This step combines the rating data dimension_rating_data.txt
and the interconnectedness data combined_refined_concept_data.txt
into a single file.
To run this step, set mode='combine_final_file'
in ConceptGenerator.py
.
Additionally, you can use ratings_to_be_included
to control which ratings are added
(e.g.,ratings_to_be_included=['abstract', 'complex']
). Please ensure that dimension_rating_data.txt
contains rating data for any
dimension specified here. The user can also set ratings_to_be_included to ['all'] or [].
The resulting dictionary is stored locally as final_connection_data.txt
.
The previously generated data is the final data for local inspection,
but we also store it in Google Firestore for global use.
To run this step, set mode='write_to_firestore'
in ConceptGenerator.py
.
To make the data Firestore compliant, we first need to flatten the nested
structure in the 'branch' data (e.g., [["identity", 3], ["justice", 3]]

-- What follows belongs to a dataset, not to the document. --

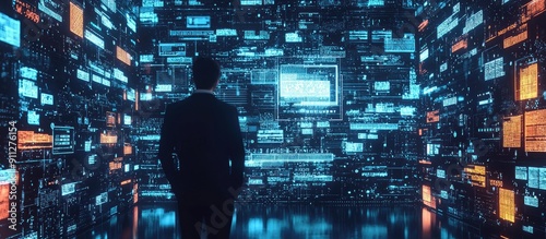 Business and technology concept showcasing a tag cloud related to information systems presented by an IT consultant 3D illustration
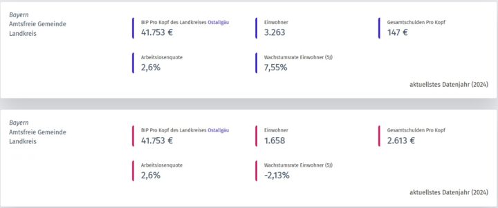 - Direkter Vergleich zweier Gebietskörperschaften möglich.

becomes ["identity", 3 ,"justice", 3]
).
Since Firestore documents have size limitations, we also split the dictionary
into multiple documents if necessary (i.e., chunk_size = 200000
).
The data is stored in Firestore as follows:
conceptBrowser
(Collection)finalConceptData_0
(Document)finalConceptData_1
(Document)- etc
abstract
(Number): Rating from 0 (concrete) to 100 (abstract)branch
(Array): The starting concept, its level, ...ordered_concepts
(Array of Strings): An array of the 8 most related concepts to this concept, ordered by relatedness
This step involves requesting ChatGPT to generate an 80-word summary for each concept.
To run this step, set mode='define'
in ConceptGenerator.py
.
The script iterates through all the concepts that serve as keys in the interconnectedness data dictionary. For each concept, the script first checks Firestore to determine whether a summary already exists. If a summary is found, the concept is skipped.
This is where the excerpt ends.